Сам Слотердайк, как левый философ, с негодованием отворачивается от этого алармистского паттерна, призывая «цивилизацию» к поиску нового, способного продуцировать мир «нежестоких фактов», «трансмилитаристского и постиндустриального принципа реальности». [39, с. 364] Он выражает нечто важное и сокровенное для левого способа переживания мира, когда говорит, что «глубочайшее предназначение прогрессивности» состоит в том, чтобы «стронуть сам принцип реальности с места». [39, с. 360]
В этой развилке – принятие «жестоких фактов» мира или стремление (в той или иной форме, в той или иной перспективе) их «отменить» – есть что-то глубоко безотчетное, связанное именно с первичной реакцией на бытие. Тут бессильны аргументы, это просто разные типы людей.
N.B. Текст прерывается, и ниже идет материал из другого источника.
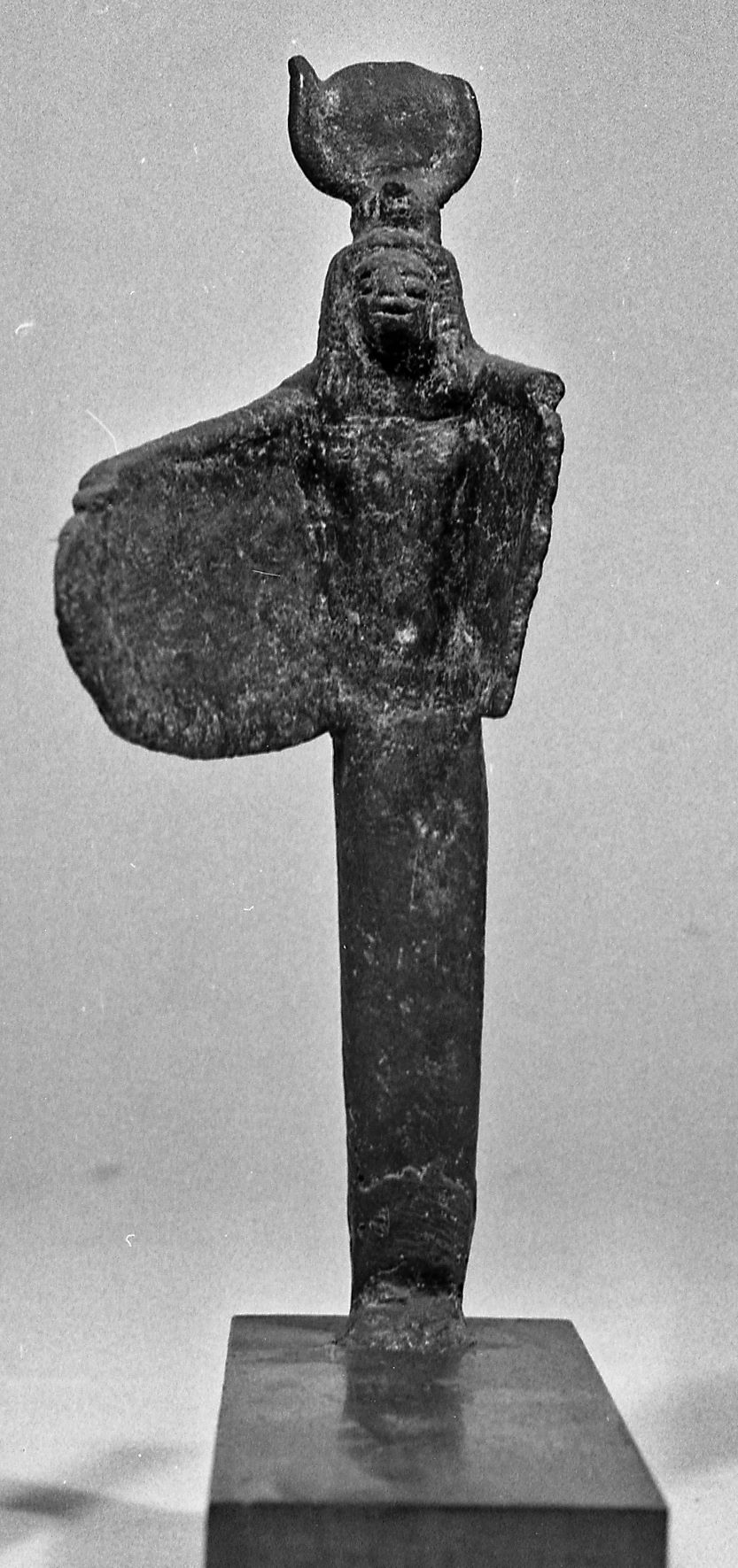Figure of winged Isis. The goddess wears a headdress consisting of a stylised uraeiform modius decorated with the uraeus, surmounted by the solar disc with cow horns. The goddess wears a tripartite wig with locks. The wings are outspread. The left wing is missing. On the right wing, the arm with the hand is discernible. The outer side of the wing is decorated with bands with small diagonal notches which reverse in the penultimate register. The legs are straight and there is a broken square tenon under the feet. The object is made in the lost-wax technique for solid casts.

Армин Молер, говоря о своем обращении к консерватизму, отмечал, что решающую роль для него сыграло обаяние человеческого типа, черты которого он выделял в своем круге общения. Это «скептическая жизнеуверенность, которая, как правило, шла рука об руку с решительным умением жить. Это абсолютное принятие мира «как он есть», без восторга и лишних иллюзий. Страдания, несчастья и человеческие слабости были для них само собой разумеющимися». [30, с. 88-89]
Человек такого склада «осознает всем своим нутром… что не он создал этот мир и что он не в силах изменить его основы. Но он также чувствует, что это не повод для смирения – скорее наоборот». [30, с. 84] Действительно, в консервативной позиции есть как смирение, связанное с пониманием невозможности в корне «изменить мир» и даже, в определенном смысле «нечестивости» такой амбиции, так и гордость, заключенная в способности принять его таким, каков он есть. Способности «выдержать бытие», как говорил Гегель.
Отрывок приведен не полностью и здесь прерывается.